A high-performance, extensible **Content-Defined Chunking (CDC)** library for Rust.

<br/>

English │ [한국어](docs/README-ko_kr.md)

</div>

<br/>

## Overview

**Clast** is a modular library designed for **Content-Defined Chunking (CDC)**. It splits data into variable-sized chunks based on content, rather than fixed offsets (Fixed-Size Chunking, FSC), making it a critical building block for data deduplication, backup systems, and efficient storage solutions.

**Clast** is architected to support multiple chunking algorithms, allowing developers to choose the best strategy for their specific use cases.

<br/>

## Key Features

- **High Performance**: Optimized for throughput and low CPU overhead.
- **Modular Architecture**: Designed to support various CDC algorithms.
- **Async & Sync**: Support for both synchronous `std::io` and asynchronous `tokio` runtimes.

<br/>

## Supported Algorithms

### FastCDC
An implementation of the **FastCDC** algorithm as described in *[The Design of Fast Content-Defined Chunking for Data Deduplication Based Storage Systems](https://doi.org/10.1109/TPDS.2020.2984632)*.

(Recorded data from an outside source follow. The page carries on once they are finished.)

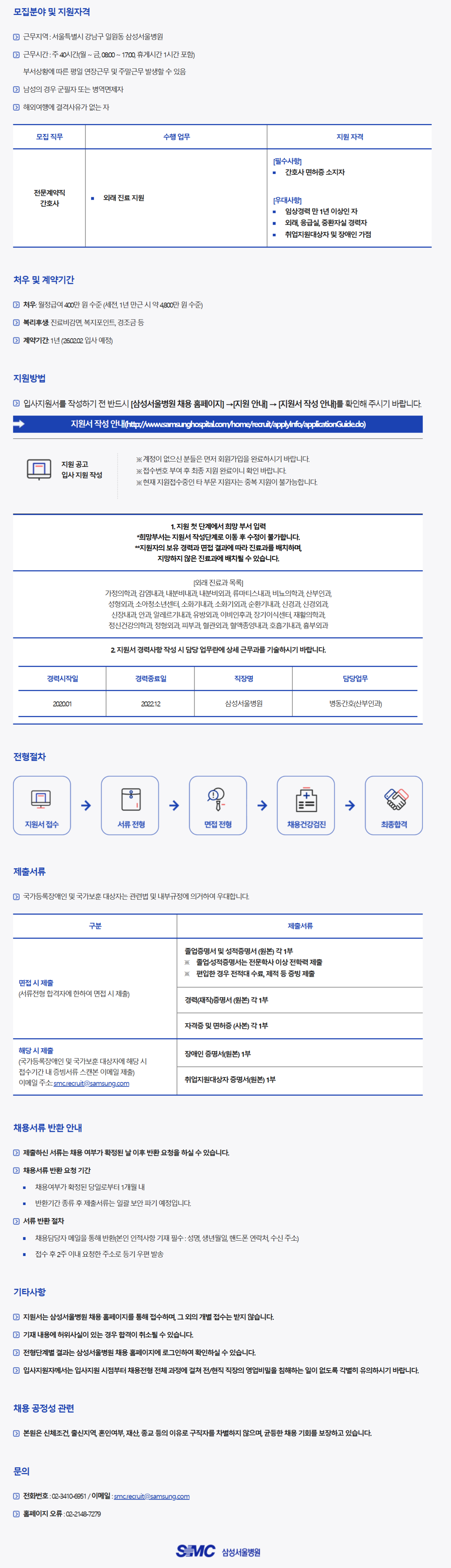 ¸ðÁý Á÷¹« ¼öÇà ¾÷¹« Áö¿ø ÀÚ°Ý Àü¹®°è¾àÁ÷ °£È£»ç ¿Ü·¡ Áø·á Áö¿ø [Çʼö»çÇ×] °£È£»ç ¸éÇãÁõ ¼ÒÁöÀÚ [¿ì´ë»çÇ×] ÀÓ»ó°æ·Â ¸¸ 1³â ÀÌ»óÀÎ ÀÚ ¿Ü·¡, ÀÀ±Þ½Ç, ÁßȯÀÚ½Ç °æ·ÂÀÚ Ãë¾÷Áö¿ø´ë»óÀÚ ¹× Àå¾ÖÀÎ °¡Á¡
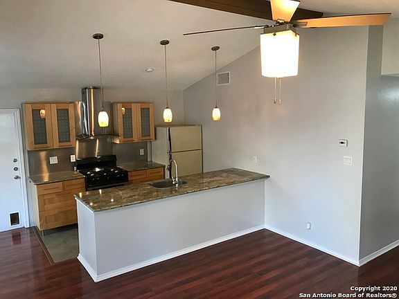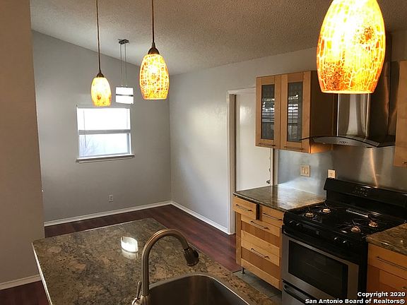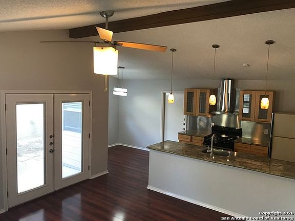 Handsomely updated home to include fresh paint, granite counter tops, sleek cabinets, french doors and updated baths! Open floor plan. Outside access to patios from both the living area and the master bedroom. Attached garage access in back. Walk to Hardberger Park, community pool or Natural Grocers!
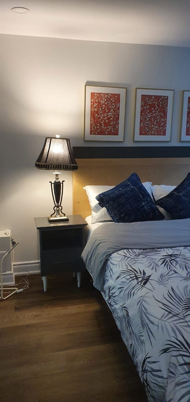Disfruta de este alojamiento totalmente privado, recién renovado, extremadamente espacioso, con 3 dormitorios, 1 baño y 2 plazas de aparcamiento gratuitas en el corazón de una exclusiva suite en el sótano de Etobicoke Toronto. - A 10 minutos en coche del aeropuerto (YYZ). - A pocos minutos de las principales autopistas. - A 15-20 minutos en coche del centro de la ciudad. - A 1 minuto a pie de la parada de autobús. - A poca distancia a pie de una tienda de comestibles, LCBO, tiendas de conveniencia y mucho más. ¡Verdaderamente una ubicación perfecta para todo!
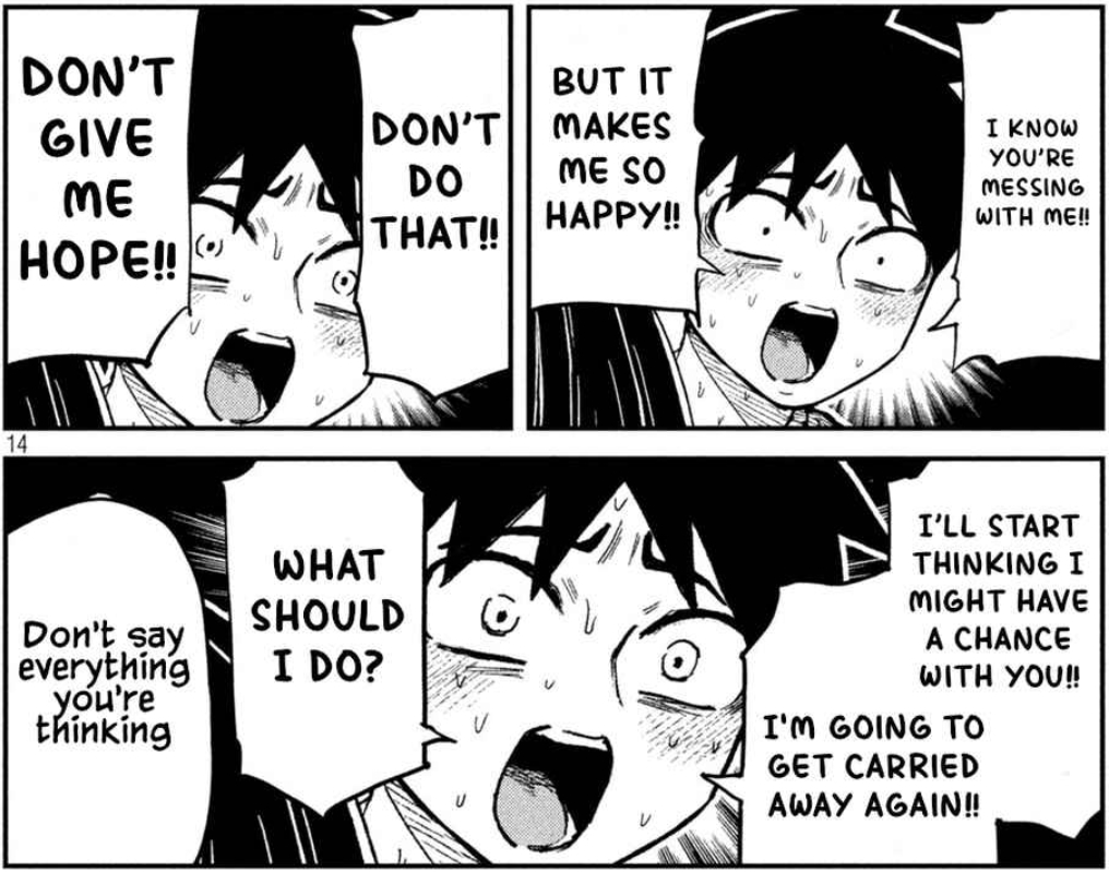 I'm just sad that Agawa was done dirty by really weird change to Gotou's character and she was basically relegated to nowhere. The last few chapters with Gotou going back to being an actual person and Shige is some great course correction, but I still do like Agawa
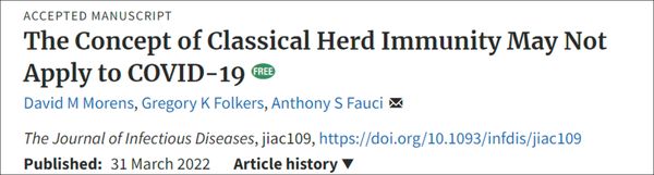 今年3月31日,一篇题为《传统群体免疫概念可能不适用于新冠病毒》的论文发表在牛津大学出版社的医学期刊《传染病杂志》上,福奇为作者之一。
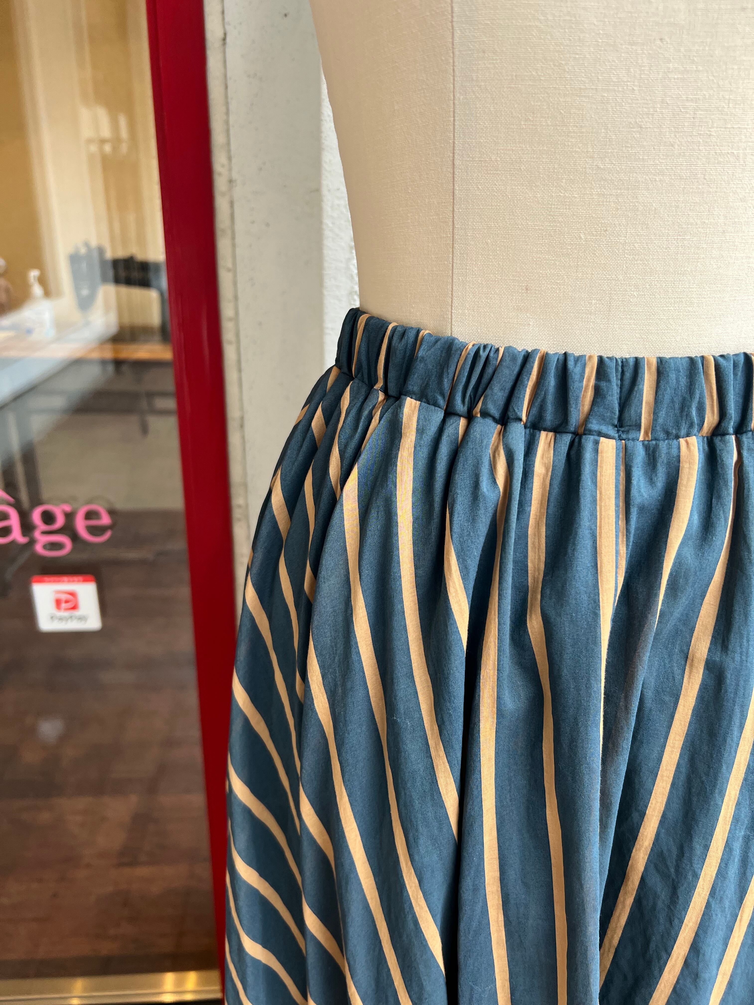 夏らしい素材ながら、晩夏まで活躍するスカートです
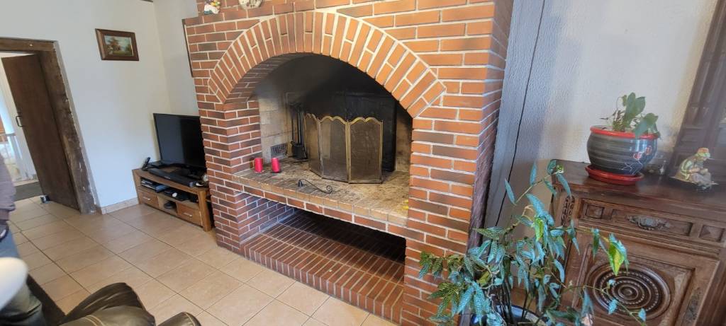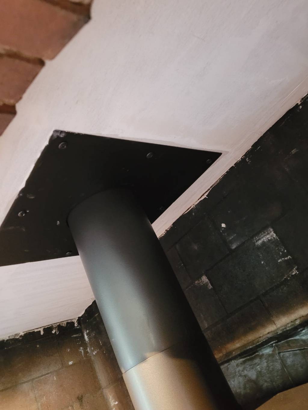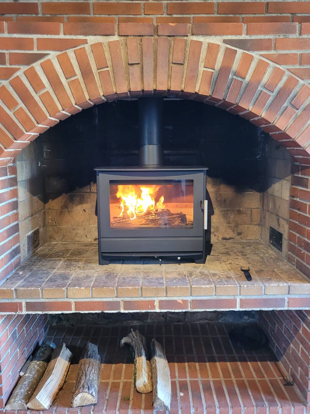 À Toury-Lurcy, dans la Nièvre (58), installation dans une cheminée d'un poêle à bois bûches HETA, modèle Inspire 55 d'une puissance de 6 kW en sortie sur le dessus.
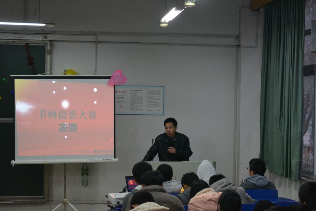 12月13日下午3点,测绘学院第一届“走下网络 走向艺术”书画摄影大赛决赛在北区2201举办。有书画专长的王列平老师、辅导员韦伟以及校摄影协会、院社联等相关学生负责人担任专业评委。

It incorporates five key optimizations:
- Gear-based Rolling Hashing
- Optimized Hash Judgment
- Sub-minimum Chunk Cut-Point Skipping
- Normalized Chunking
- Rolling Two Bytes

<br/>

## Installation

Use `cargo` to install the package:

```bash
cargo add clast
```


### Feature Flags

**Clast** uses feature flags to minimize the compiled binary size. You can selectively enable the features you need.

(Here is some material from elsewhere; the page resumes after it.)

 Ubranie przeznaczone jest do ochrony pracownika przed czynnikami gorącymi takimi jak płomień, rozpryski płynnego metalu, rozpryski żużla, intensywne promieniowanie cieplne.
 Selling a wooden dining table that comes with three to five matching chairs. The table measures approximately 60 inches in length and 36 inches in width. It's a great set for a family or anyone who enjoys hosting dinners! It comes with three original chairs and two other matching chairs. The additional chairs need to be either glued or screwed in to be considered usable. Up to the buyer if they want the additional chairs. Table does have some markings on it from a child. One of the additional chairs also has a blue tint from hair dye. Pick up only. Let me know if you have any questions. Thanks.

- `fastcdc`: Enables the FastCDC algorithm implementation. (Enabled by default)
- `async`: Enables asynchronous support using `tokio`.

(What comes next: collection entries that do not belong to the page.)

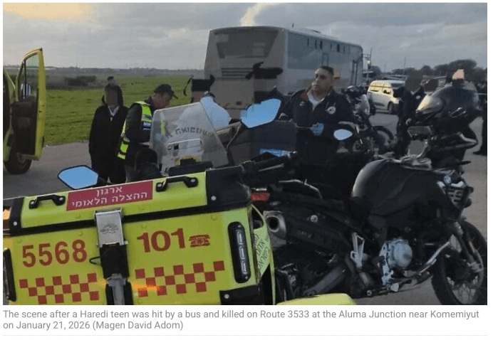 Yitzhak Goldknopf, Vorsitzender der United Torah Judaism, erklärte, dass es für ihn keinen Zweifel gebe, dass der tödliche Unfall, bei dem gestern ein 17-Jähriger von einem Bus angefahren und getötet wurde, vorsätzlich geschah. Er berief sich dabei auf neues Filmmaterial und Aussagen der Fahrgäste. Die Polizei betonte jedoch, dass es zwischen den Videos und dem Unfall keinen Zusammenhang gebe. Er habe, so Goldknopf, mit dem zuständigen Minister Ben-Gvir über den Fall gesprochen. «Minister Ben-Gvir betonte in dem Gespräch, dass ‚das Blut unserer ultraorthodoxen Brüder nicht billig ist», sagt Goldknopf und fordert, dass «der Fahrer, der Fahrerflucht begangen hat, vor Gericht gestellt wird.» Ben-Gvir betonte, «Ich nehme die Angelegenheit sehr ernst. Die israelische Polizei wird ihre Arbeit gewissenhaft erledigen und den Vorfall umfassend untersuchen.» Der Fahrer wurde festgenommen. Ihm werden einige Übertretungen der Strassenverkehrsordnung, sowie fahrlässige Tötung vorgeworfen.
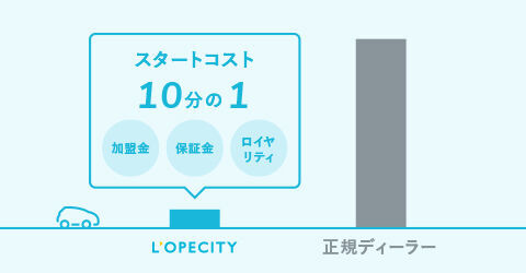 ロペシティFCの加盟には加盟金・保証金・ロイヤリティが必要になります。正規輸入車ディーラーの新規スタートコストと比較しても10分の1程度でスタートできます!
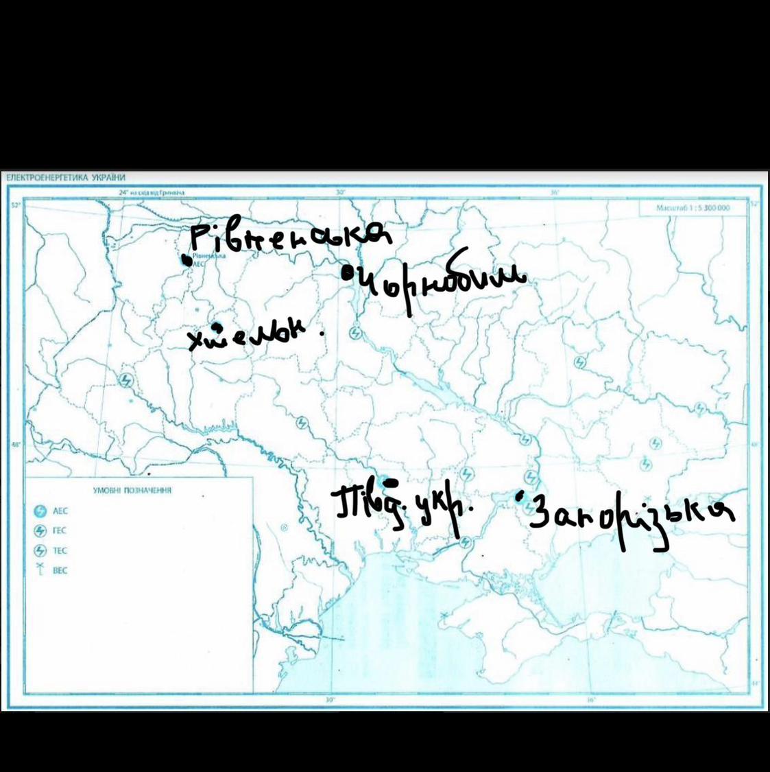 5.1.Позначення на контурній карті України найбільших електростанцій
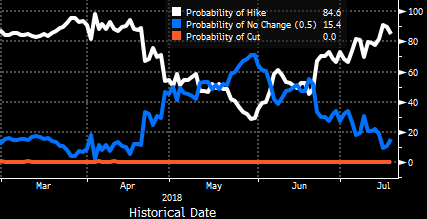 В последние пару дней вероятность такого шага в августе, действительно, уменьшилась, но все еще остается высокой — исходя из модели, основанной на кривой OIS (процентные свопы овернайт), она составляет 84.6%. Аналитики ING предупреждают, что обострение политического кризиса в Великобритании может заставить Банк Англии повременить с повышение, что будет крайне негативно для фунта. В банке предупреждают, что с учетом текущих ожиданий реакция британской валюты на такое решение обещает быть куда более яркой, нежели на повышение ставки.
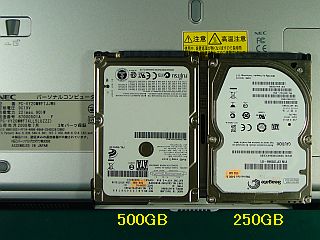 _320GBの方がもう千円程安かったのだが、10GB当り約百円の計算だと、500GBの方が割安だったので。笑_
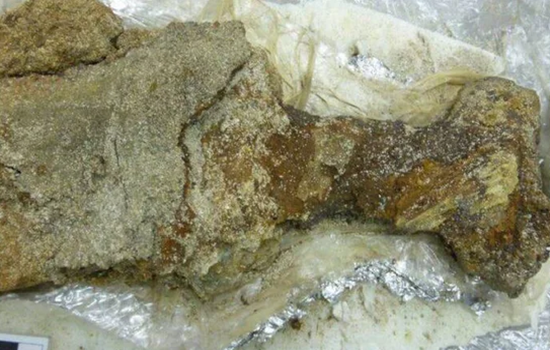 Porém, o que mais chamou a atenção dos especialistas foi uma espada que estava em más condições de preservação e indicava ter sido fundida com sua bainha ao longo do tempo, gerando uma camada superficial que impossibilitava a observação de detalhes.
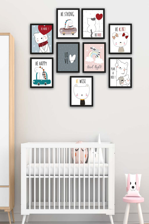 Orijinal World of Walls 9 Parça Çocuk Odası Sevimli Kedi Siyah Çerçeve Görünümlü Uv Baskı Mdf Ahşap Duvar Tablo Seti Materyal: %100 mdf ürün 9 parç...

Example of enabling only `fastcdc` (default behavior):

```bash
cargo add clast
```

Example of enabling `fastcdc` and `async` support:

```bash
cargo add clast --features async
```

Or in your `Cargo.toml`:

```toml
[dependencies]
clast = { version = "1.0.0", features = ["async"] }
```

<br/>

## Usage

Please refer to the [Tutorials](docs/tutorials/MENU.md) for detailed usage examples.

<br/>

## Reference

* **FastCDC**: Wen Xia et al., "The Design of Fast Content-Defined Chunking for Data Deduplication Based Storage Systems," *IEEE Transactions on Parallel and Distributed Systems*, 2020.

<br/>

## Contributing

Contributions are welcome! Please feel free to open a Pull Request.

1. Fork the repository.
2. Create your feature branch (`git checkout -b feature/new-feature`).
3. Commit your changes (`git commit -m 'Add some feature'`).
4. Push to the branch (`git push origin feature/new-feature`).
5. Open a Pull Request.

Please make sure to run `cargo fmt` and `cargo test` before opening a Pull Request.

<br/>

## License

MIT © Arcadia Softs. See [LICENSE](LICENSE) for details.